It was a busy week–I ended up spending a lot more time at WebSummit than originally planned for, which took its toll on my feet (as expected), but had a number of positive highlights that ranged from making new acquaintances to meeting old friends again.
Getting Back To Real Life
In between a short three-day trip to Edinburgh, a few things that spilled over into weekends and a lot of catching up work-wise, most of my personal projects have been on hold for a number of weeks now, which I find terribly frustrating.
It pains me, for instance, to realize that the power meter digit reader project I wrote about last March has essentially been dead for a year, and that the ramp-up back to where I was is going to take me at least a few evenings (which I don’t have, not until vacations swing by again).
So this weekend I started small: a few tweaks to my home automation setup (mostly cleanups and a little more testing, some of which will find its way into a follow-up post), automated a couple of my day-to-day tasks in Python on my iPad (Pythonista is amazing, all the more so when you tap into its Objective-C bridge) and started working through this site’s To Do list (which is still fairly extensive).
Metadata Is A Pain
One of the things I’ve been meaning to do (besides a proper blog archive) is add OpenGraph support to allow for nicer automated sharing in social media, which given the site’s plaintext back-end requires some extra parsing and indexing to take place (I need to figure out if there is a leading image, get its size and type info, etc., as well as figuring out a few extra things).
That is fine and good, but it also needs to be pushed up the stack until rendering occurs, and stored along the way in a SQLite database I use for indexing.

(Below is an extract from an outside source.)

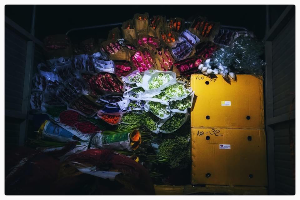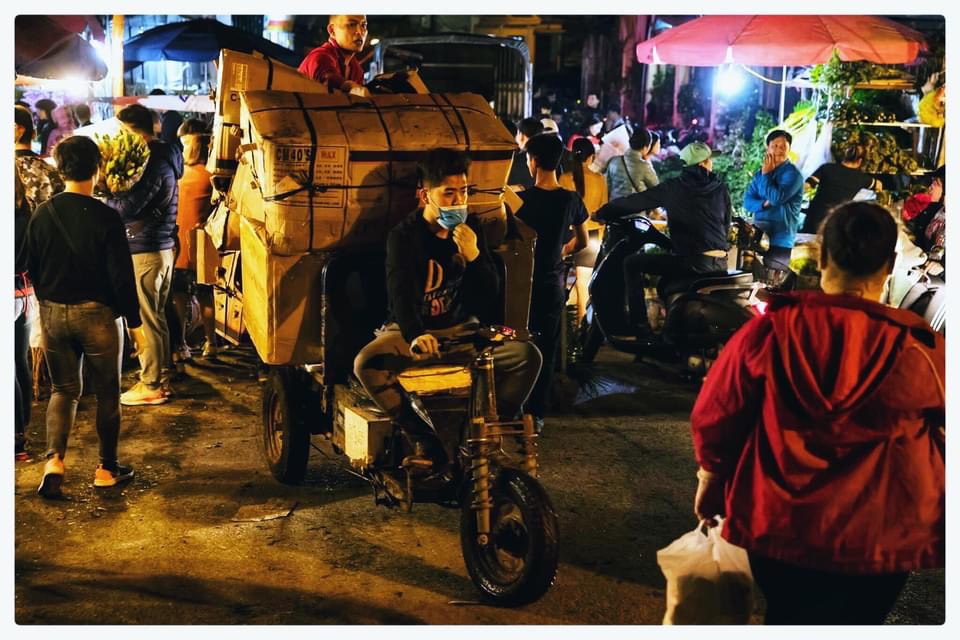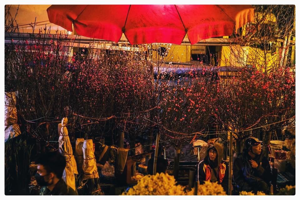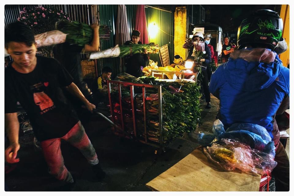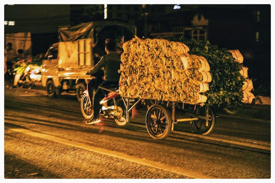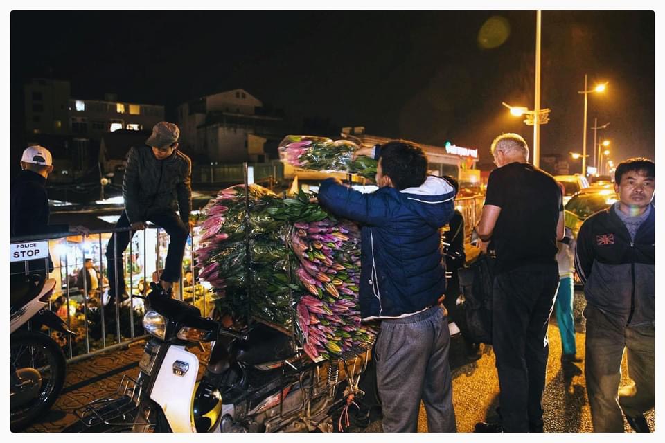 | Tiểu thương hối hả ngược xuôi. Khi cả thành phố say giấc, nơi góc phố này chỉ còn ánh đèn vàng từng sạp hoa. |

Since I already had a simpler/legacy take on metadata, I’m refactoring it as I go along and removing unnecessary bits, so if the site breaks later in the week, then you’ll know there was something I didn’t account for in testing–but it’s going OK so far.
Down To The Metal
Since I spend too much time dealing with online stuff (including cloud infrastructure, DevOps flows and data munging), I’m looking at doing a few more hardware/IoT(ish) things for myself for the sheer fun of it, and after tossing around a few ideas I decided to go for a low-latency image processing trick that I want to try out on the Raspberry Pi.
It’s going to take time, of course, but hopefully I’ll have something to show after Christmas.